### TASK DIRECTIONS
Return only the lines below starting at the line containing "8、然后在如下圖所示位置,添" and ending at the line containing "Jersey Gowes Sepeda", both included, exactly as they are and with no pictures.
COLLECTED MATERIAL Start Marker
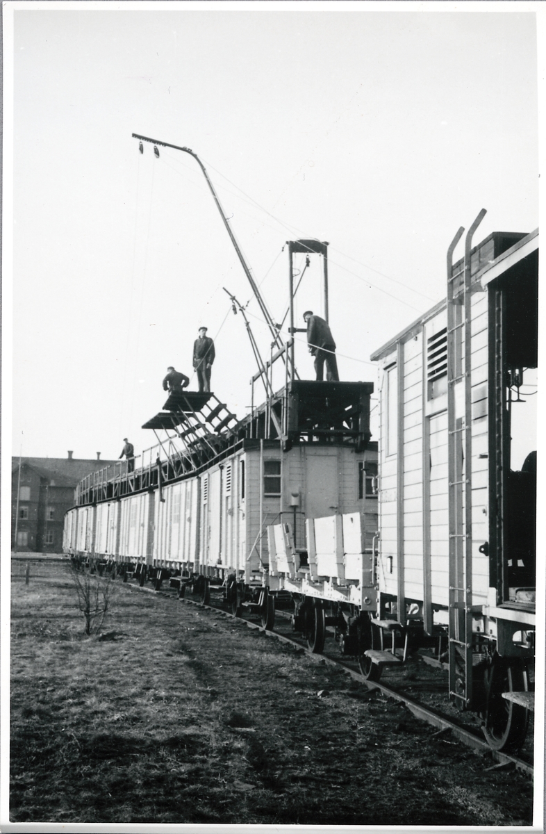 Ledningsmontage av linje inför elektrifiering. Montagetåg.
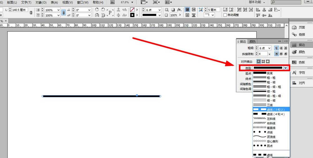 8、然后在如下圖所示位置,添加虛線間隙的顏色,顏色是色板已經有的顏色,如需要別的顏色,先去色板中增加顏色再來更改
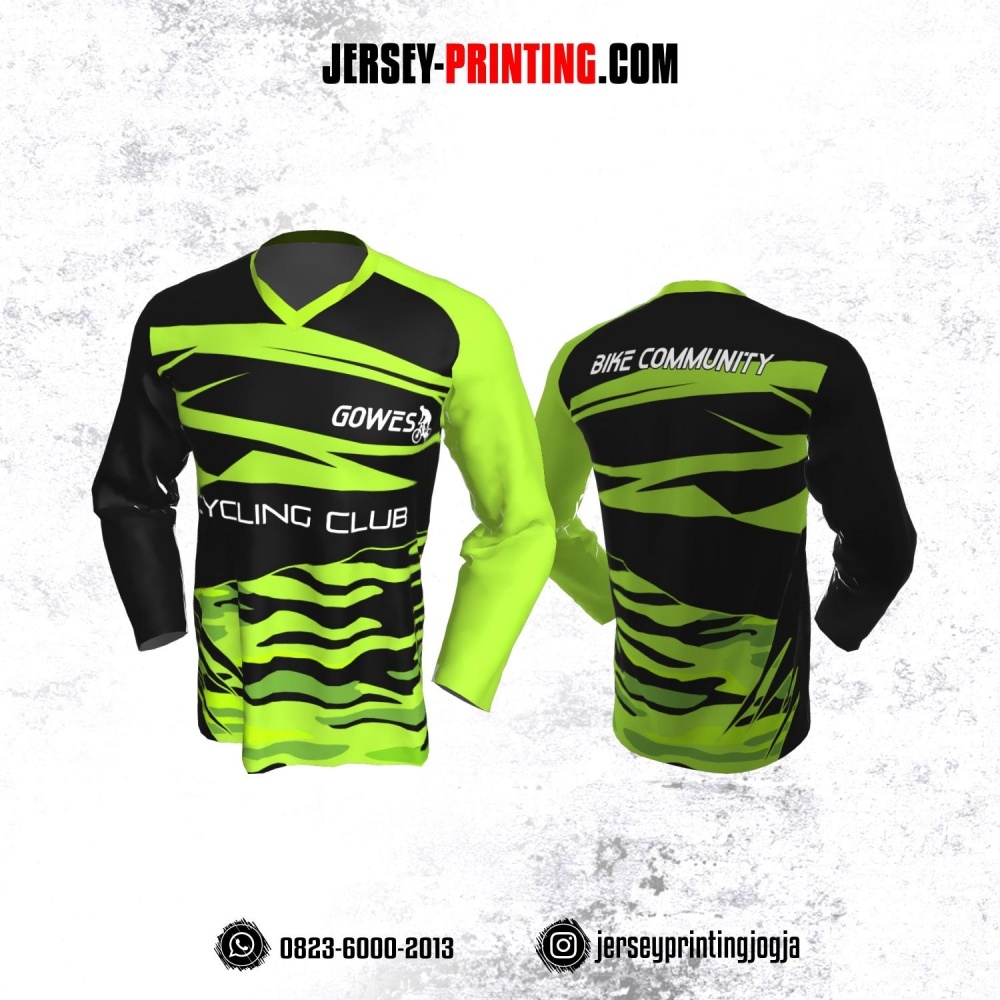 Jersey Gowes Sepeda Hitam hijau Lengan Panjang
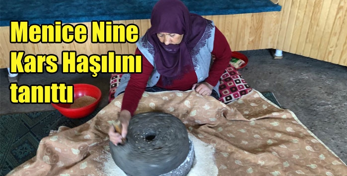 Menice Başkaya da atalarımızın yemek kültürünü gelecek nesillere aktarmak, tatmalarını ve onların da pişirmelerini sağlamak için Kars haşılı hazırladı. Kars Kafkas Atlı Spor Kulüp binasında hazırlıklarını yapan Menice Başkaya önce bulgur öğütme taşlarını hazırladı. Ardından da bulgurları azar azar taşın içine atarak bilek gücüyle çevirmeye başladı.
COLLECTED MATERIAL End Marker
### SOLUTION
 8、然后在如下圖所示位置,添加虛線間隙的顏色,顏色是色板已經有的顏色,如需要別的顏色,先去色板中增加顏色再來更改
 Jersey Gowes Sepeda Hitam hijau Lengan Panjang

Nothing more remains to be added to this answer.